Absolute=lojack the parent company. These guys are late to the big brother party. Lenovo, Dell, HP all come with the SMS activation with no power and gps tracking support in the BIOS. The icing on this cake is that when I report a machine stolen now, sms message goes out, activates gps, cops go after it, and the processor is disabled so if the battery does run out, the machine is useless. The comment 2 up-- You didn't read my comment. We encrypt our drives. While once in a while a crack comes out for this, it gets patched pretty quick. I'm not concerned. I just read a little more, you have to enable it in the BIOS, doesn't come by default. You can also have the full functionality restored.

Comment Great idea despite the naysayers (Score 1) 399

While I wouldn't say it isn't possible for someone to break in and kill your machine, it isn't likely. We have been using Absolute software's offering and have been able to do remote wipes on laptops for a long time now. Nobody has broken in and wiped out all the computers with this technology. That being said, do you really think IT who implements this doesn't have a backup? And that our legal departments wouldn't get fair compensation if said "gotcha" really occurs? I would rather have the ability to disable a phone or pc in any way possible when I need it to happen. For the comment above about just moving the hard drive to another machine.. Really? Who goes through the trouble of enabling this, and paying monthly for the service and just skips the whole drive encryption bit? My vote is go Intel.

Comment Re:Nothing (Score 1) 107

In my experience, things that have undergone more testing generally tend to have better performance. NIST tests the devices, algorithms, policy, etc. They don't wave a magic wand that makes it more secure or take a payoff to say it is just compliant as you state. Saying that no security measure is 100% to prove a point is gutless. Of course it isn't, but a security plan with more thought and research is more effective at meeting it's goals than none. Have countries outlawed iphone because the encryption is too difficult for government agencies to tackle? If it is so easy, why does this happen? Maybe you can link some examples and educate us. I am often wrong and would like some help if this is the case. I find a lot of youtube videos showing any idiot how to break in to any iphone OS version, where are the videos for Blackberry? I for one feel more comfortable having grandmas's ssn on some doctors blackberry than his iphone. Judging from your other flamebait comments, I think I am wasting my keystrokes here.

Comment Re:Nothing (Score 1) 107

I disagree with most of the comments here. In my opinion the solution is to continue to use Blackberry and ban iphone, google and MS phones from uses that require security. The nice folks at NIST regularly test Blackberry systems and they continue to pass over and over earning the magic FIPS140-2 certification. Throwing your arms up and screaming "screw it" indicates you are either joking or having a nervous breakdown and need to step down from your IT post. Layered defenses are effective because no one layer may be completely trusted.
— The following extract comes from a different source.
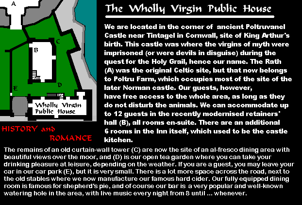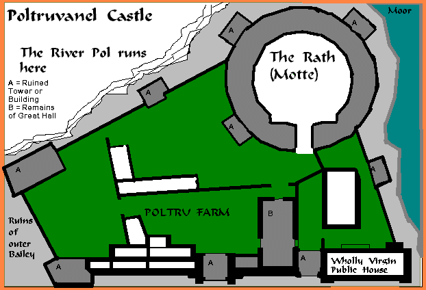 (One side of the farmhouse includes a truncated portion of the gatehouse tower, and the remains of the Celtic rath are used as a sheep pound. What is left of the kitchen range is now a popular pub, called "The Wholly Virgin," which is noted for its shepherd's pies and hard cider, brewed locally in the old castle stables.) Want to see

You have to make the best decision you can per layer and move on. In this situation it is easy. Continue to use only FIPS-140 approved devices. The encryption, security and central management on Blackberry is a lot better than the (none) on the other platforms.

Comment Re:Were they.. (Score 2) 60

At a large University, Windows XP licenses are trivally cheap. I believe at my last job $5. If you tell them you are running an experiment like this, it is even cheaper. People give M$ a bad rap on licensing. A lot of times it is cheaper than Red Hat when you have a number of computers.

Comment In related news, seti@home scores are 10x faster (Score 1) 228

Somehow they took my boring news of Moores's law - My seti@home and primegrid stats are moving 10x faster with my new laptop's gpu. They turned that into - IN THE FUTURE COMPUTERS MIGHT BE REALLY FAST AND MELT YOUR 1960s PASSWORD! It isn't exciting. Quantum computing will come with both encryption and decryption. Nobody cares what it does to your password from 15 years ago.